It’s not like I didn’t know what was coming.

When I nestled into the love seat in my home office on that unseasonably warm morning in late November, I knew I would be staring at a screen for hours. I knew my back would soon cramp up, as I hunched over my laptop in a space that was not ergonomically approved for long stretches of time. I knew my one-eyed pirate cat would be asleep on her perch before me, obscuring my view out the back window. And I knew I was about to hear some hateful words come out of some strangers’ mouths.

Still, as much as I knew, I ultimately found myself ill-prepared for how watching opponent testimony to the Ohio Fairness Act would affect so many parts of my life: my mental health, my sense of the world, and, yes, my faith.

Catching up everyone: the Ohio Fairness Act is a piece of legislation sitting in the Ohio State Legislature that, if passed, would grant nondiscrimination protections to the LGBTQ+ community in the areas of housing, employment and public accommodations.

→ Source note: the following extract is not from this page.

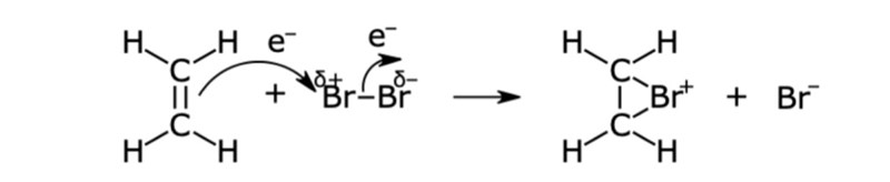 På bilden ser vi formeln för en rektionsmekansim. Eten reagerar med brom. Brom reagerar med elektronerna i dubbelbindning, den positiva delen reagerar med den negativa laddade elektroner.

This bill has proven to be a veritable boulder of Sisyphus, with various lawmakers – though largely Sen. Nickie Antonio, D-Lakewood – trying to push it uphill for well over a decade, only to have it roll right back down to where it started. This annual lack of progress leaves Ohio as one of 27 states where individuals can be legally evicted from their apartments, fired from their jobs, or even kicked out of restaurants, all for being LGBTQ+.

I am one of those individuals.

I have tried to make my peace with my lack of equality here in Ohio. When I moved here in 2013 from the LGBTQ+ mecca of Vermont, I could almost see the legal protections fading away in my rearview mirror. Yet, as a white, male homeowner, employed at a private college and dining in one of the bluest parts of the state, I largely stay unscathed. My mountain of privilege keeps me pretty well-insulated from the blatant discrimination faced daily by my LGBTQ+ siblings, in particular Black trans women who are forced to dodge violence at every step as they walk through this world.

Unsurprisingly, I want the Ohio Fairness Act to pass, both to outlaw the discrimination that does happen as well as the discrimination that could. As a journalist, I ground my purpose in amplifying efforts to move this bill into law, which includes transcribing hours of testimony to report back to my readers.

So, when I sat down that November morning to watch a hearing consisting of Ohioans opposed to our state supporting this basic equality, I thought I could remain a thing apart. I knew horrible things would be said, but my task was simple: Hear the homophobia. Type the homophobia. Publish the homophobia.

Then the parade of pastors came marching in.

They came from all over Ohio: from parishes in counties of which I’ve never heard to a nonprofit located only a few blocks away from me in Cleveland. They spoke with conviction, constantly reminding those listening that they represented large congregations. And, yes, they did indeed say terrible things.

This one casually compared being gay to being a pedophile. That one said LGBTQ+ people are “vile” and “sinful.” Yet another said LGBTQ+ equality is a danger to children and that this equal rights bill is akin to “tyranny,” a word she used three times lest you missed it the first two.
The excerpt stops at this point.